One of the central tenets of environmentalism is that resources should be used as carefully and sparingly as possible. By and large we try to stick to this rule in our own lives, with varying degrees of success. But there is one resource whose use by this movement is sometimes astonishingly profligate: the time and energy deployed by campaigners.
This is a rare commodity. There are few enough people who are prepared to devote their free time to trying to make the world a happier place. There are fewer still who know how to run an effective campaign, and have the grit to stick with it. We should use this rare blessing as intelligently as possible, campaigning against the most pressing threats, ensuring that we are not distracted by issues that are either trivial or imaginary.
There is no shortage of large, demonstrable and urgent hazards to the environment and public health. Among them, to name just a few, are climate change, biodiversity and habitat loss, overfishing, overuse of water, air pollution, dangerous roads and the obesity crisis. None of these attracts a sufficient number of dedicated campaigners; none of them, as a result, has the political attention it deserves. Faced with such issues, we cannot afford to squander precious time and energy chasing phantoms.
All this is a roundabout way of saying that if I were running a campaign highlighting the health effects of mobile phones and phone masts, I would see this as a good time to wind it up. The new study by the Health Protection Agency confirms the overwhelming trend in evidence on this issue (in particular the outputs of the massive Interphone project). It finds that:
• Laboratory studies have detected “no convincing evidence that RF [radiofrequency] fields cause genetic damage or increase the likelihood of cells becoming malignant.”
• Animal studies find no evidence that the levels of microwave radiation produced by mobile phones “affect the initiation and development of cancer” and no consistent evidence that they harm the brain, the nervous system, hearing or fertility.
• Studies on humans suggest no cognitive effects and no acute symptoms of any kind.
• Evidence from epidemiological studies “does not suggest that use of mobile phones causes brain tumours or any other type of cancer.”
• Overall, the evidence “has not demonstrated any adverse health effects” in either adults or children.
The study does point out, however, that for obvious reasons the data cover a maximum of only 15 years’ use of mobile phones, so there is a need to keep gathering evidence, in case there are effects that manifest themselves only after this period. In other words, there’s a reason to keep an eye on this issue, but nothing here that would justify an active campaign.
Phone masts, which – as power attenuates with the square of distance (the inverse square law) – produce less microwave radiation at ground level than we are exposed to by using a mobile phone, are likely to be just as harmless to human health.
Despite the lack of reliable evidence suggesting any health effects, there are plenty of campaigns against phone masts, mostly operating at the local level, and plenty of environmentalists who seem to entertain excessive fears of microwave radiation. People have poured tremendous reserves of energy into promulgating these fears and trying to prevent masts from being erected. They have, I believe, wasted their time and diverted others from the issues that should concern them.
They might also have inflicted damage to the reputation of the environment movement, not least because some of these protesters are prominent in other areas. I won’t single them out, but I’m sure that many readers of this blog will have encountered such campaigns.

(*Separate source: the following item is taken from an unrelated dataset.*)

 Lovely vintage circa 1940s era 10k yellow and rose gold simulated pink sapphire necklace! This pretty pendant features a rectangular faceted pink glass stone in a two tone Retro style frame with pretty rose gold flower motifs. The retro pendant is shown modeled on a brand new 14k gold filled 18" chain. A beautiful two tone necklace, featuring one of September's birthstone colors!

There’s a further issue, which should be of concern to those who hope to make a world a better place. By campaigning against what appears to be a non-existent threat, they have spread unnecessary fear and distress, subtracting from the sum of human happiness.

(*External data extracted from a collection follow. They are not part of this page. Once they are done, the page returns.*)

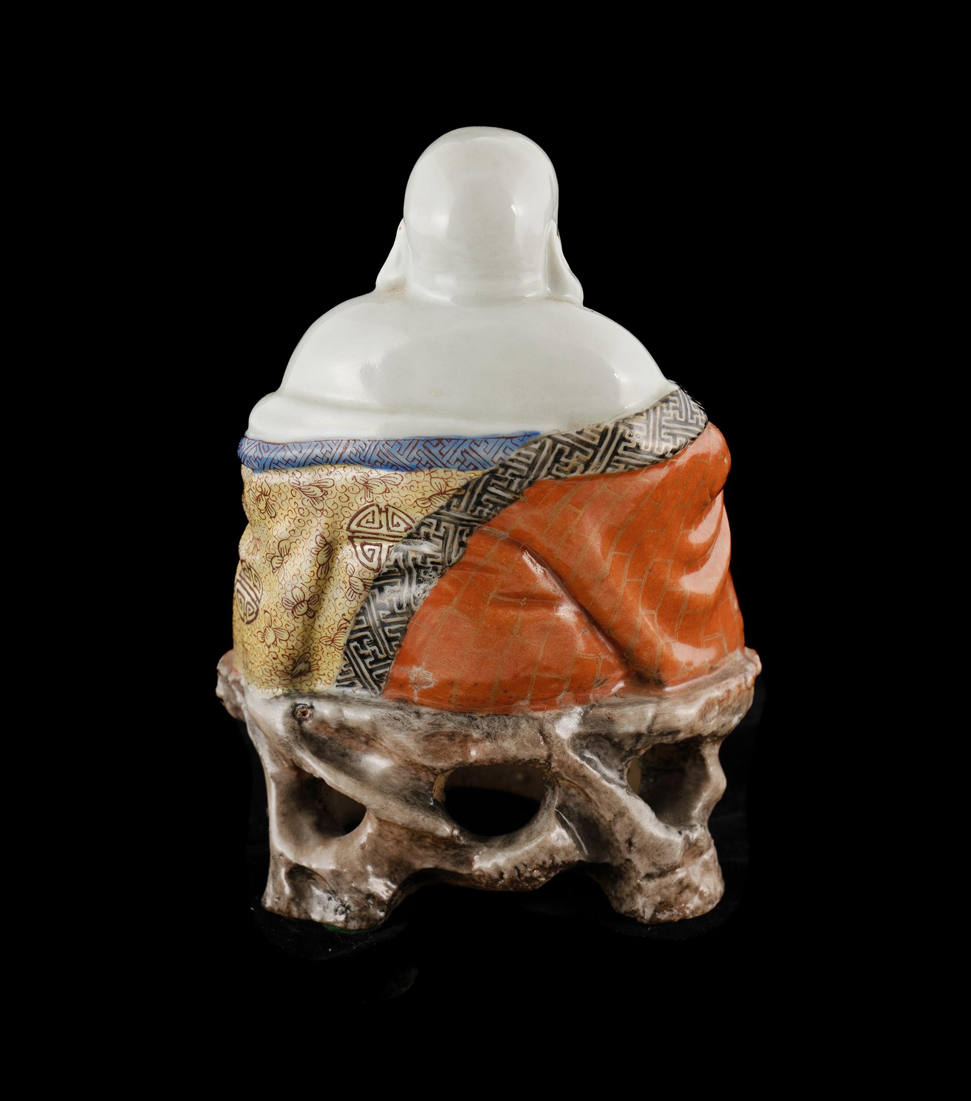 Chinese Famille Rose Buddha Budai, Late Qing or Republic Period Finely enamelled, A/F chipped lower front left. (H12.5cm)Estimate $200-300
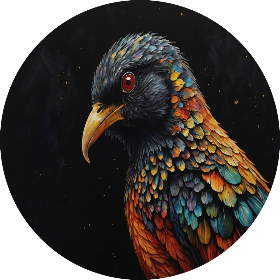 Kleurrijke Vogel tegen Sterrenhemel Achtergrond aluminium muurcirkel
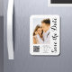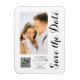 Save The Date Black White Stylish Script Modern Mariage Magnets dispose d'un arrière - plan blanc avec votre photo personnalisée. Personnalisez avec votre texte en modifiant le texte dans les zones de texte fournies et ajoutez l'URL de votre site Web pour votre code QR personnalisé. Conçu pour vous par ©Evco Studio www.zazzle.com/store/evcostudio
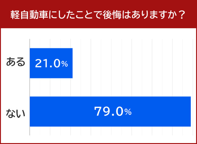 軽自動車を選択して後悔していることがあるかを質問すると、21.0%の方が「ある」と回答しました。

What I’m saying applies to quite a few other campaigns as well. Before launching a protest group, we should ensure that we have assessed the research as rigorously as possible, actively seeking out countervailing studies and taking advice from experts on the quality and consistency of the data. We should compare the detrimental effects of the issue that concerns us with other hazards. We should ask ourselves whether this is the best possible use to which our time can be put. In other words, can we please stop wasting our lives doing battle with imaginary foes?